Norfolk South announced Wednesday the launch of a dedicated service to facilitate the flow of diverted cargo between the Port of New York and New Jersey’s Elizabeth Marine Terminal and the Seagirt Marine Terminal in Baltimore. The service will begin on April 5. Norfolk is in discussions with Ports America to expand this direct-to-dock service at its Seagirt intermodal container transfer facility. Norfolk Southern’s Triple Crown Services network will contribute to the dedicated intermodal service and work with cargo owners who need door-to-door service.

As the Baltimore port crisis unfolded, many major ocean carriers invoked contract clauses shifting responsibility for moving goods from diverted ports to shipping customers.

Even though maritime container ship operations are closed, land operations at the Port of Baltimore have not stopped.

“This is the result of good cooperation with the International Longshore Association, the largest maritime workers union in North America, and the Port of Baltimore,” Schmidt said. “Our workforce has stayed the same. What we’re doing at the waterfront to help keep the ILA workforce employed is training our water crews, like the crane operators , clerk staff and certain dock managers, with land-based skills.”

The ILA represents longshore workers at East Coast and Gulf ports, including the Great Lakes, America’s major rivers, Puerto Rico and eastern Canada, and is currently in collective bargaining on a contract that expires on September 31.

Scott Cowan, president of the International Longshoremen’s Association Local 333, which represents Baltimore workers, said 85 percent of his members are “per diem workers,” meaning they don’t work only when a ship is docked.

For the trucking community, it’s been business as usual, working with containers at the port, even though no new containers are being unloaded from ships. According to Schmidt, there are now fewer than 500 import containers in the yard. Normally, Ports America Chesapeake’s container yard for truck pickups would hold between 3,000 and 5,000 import containers. Truck turnaround times, which measure the time it takes to enter the port, pick up a container and leave, are normal at 60 minutes, according to Schmidt.

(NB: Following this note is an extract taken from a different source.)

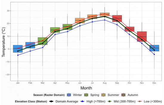 where LR is the standard atmospheric lapse rate of −6.5 °C/km [31], a widely used constant representing average tropospheric conditions. To ensure consistency between downward adjustments and upward corrections, we used elevations extracted from the same SRTM DEM used to produce the final grid, rather than the official station elevations. Second, these sea-level-adjusted temperatures were spatially interpolated to a 270 m grid using ordinary kriging. Third, the interpolated grid was readjusted to actual surface elevations using the SRTM DEM:

Schmidt said there is a four-week window at terminals to stay on top of incoming containers to help make staffing decisions.

“We are monitoring empty ships as they return and will divert them to the port of New York and New Jersey,” Schmidt said. “Exports are not arriving at our terminal.”

Ten ships are stuck in Baltimore Harbor, including a ro-ro ship loaded with cars, farm equipment and trucks stuck in the port. As of now, Schmidt says there is no discussion about unloading this RORO vessel and rerouting the vehicles to another port.

The Port of Baltimore is the nation’s largest for the import and export of automobiles, agricultural equipment and light trucks. The port handled about $36 billion of the country’s international vehicle trade in 2023, according to data from Dun & Bradstreet. Dun & Bradstreet estimates the weekly vehicle-related economic impact at $700 million, and the overall weekly direct economic impact from the Baltimore port closure at approximately $1.7 billion, based on the average weekly value of goods handled by the port in 2023. The indirect impact due to the disruption of the cross-border flow of goods through the Port of Baltimore is estimated at $6.6 billion per month.

According to the Oxford Economics Supply Chain Stress Index – which the Baltimore Port closure and other recent supply chain disruptions have prompted the company to re-establish – even though supply chain conditions supply chain have improved since the end of the pandemic, risks are “oriented towards renewed tension on the supply chain, as the ongoing conflict in the Middle East, problems linked to drought at the Canal Panama and the recent collapse of the Key Bridge in Baltimore will impact trade, stocks and inflation.